The credentials file is an ini-formatted file used to store the AWS access and secret keys. The keys in this file should be secured just like you would any other file containing passwords or other sensitive information. By default, the AWS SDK looks for a file named ‘credentials’ in a directory called .aws inside your user’s home directory. If you need to use a non-default credentials file location, you can set the AWS_SHARED_CREDENTIALS_FILE environment variable to the location of the file on the system.

This file needs to contain at least 1 section, identified by the [default] section heading. This will contain the access and secret key values used with requests to AWS. These credentials will be used for any profile in the configuration file which sets source_profile = default, or any other case where there are not other credentials available.

[default]
aws_access_key_id     = AKIAMYACCESSKEY
aws_secret_access_key = MySecretKey

The example above shows the minimum configuration necessary for the credentials file. Replace the values on the right side of the ‘=’ with your particular AWS keys.

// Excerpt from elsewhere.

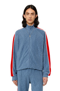 PRODUCT ID: A090180EJAF - 75%Cotton 23%Polyester 2%Elastane-Spandex - Contrast 70%Cotton 30%Polyester - Rib 98%Cotton 2%Elastane-Spandex - Slim fit - Zip closure - Ribbed cuffs and hem Model is wearing a size L and is 182 cm / 5'10'' Fits true to size, take your normal size. This men's tracksuit top is made from logo-jacquard chenille to create an embossed effect. A close-fitting style, it has contrasting sleeve bands outlined with piping and a logo zip pull. The neck, cuffs and hem are ribbed for comfort.

If you need to operate in multiple AWS accounts which use distinct IAM credentials for access, then you can add another section in the credentials file to set the credentials to use for that profile. For example, if you have a set of work AWS credentials you use as your default, and a set of personal AWS credentials you use away from the office, you can configure another profile section (in addition to the default one).

[personal]
aws_access_key_id     = AKIAMYPERSONALKEY
aws_secret_access_key = MyPersonalSecretKey

These ‘personal’ credentials would be used if you set the environment variable AWS_PROFILE=personal or you have a profile which sets source_profile = personal in the configuration file.

Configuration File

The configuration file is an ini-formatted file used to store AWS profile configuration. By default, the AWS SDK looks for a file name ‘config’ in a directory called .aws inside a user’s home directory. If you need to use a non-default configuration file location, you can set the AWS_CONFIG_FILE environment variable to the location of the file on the system.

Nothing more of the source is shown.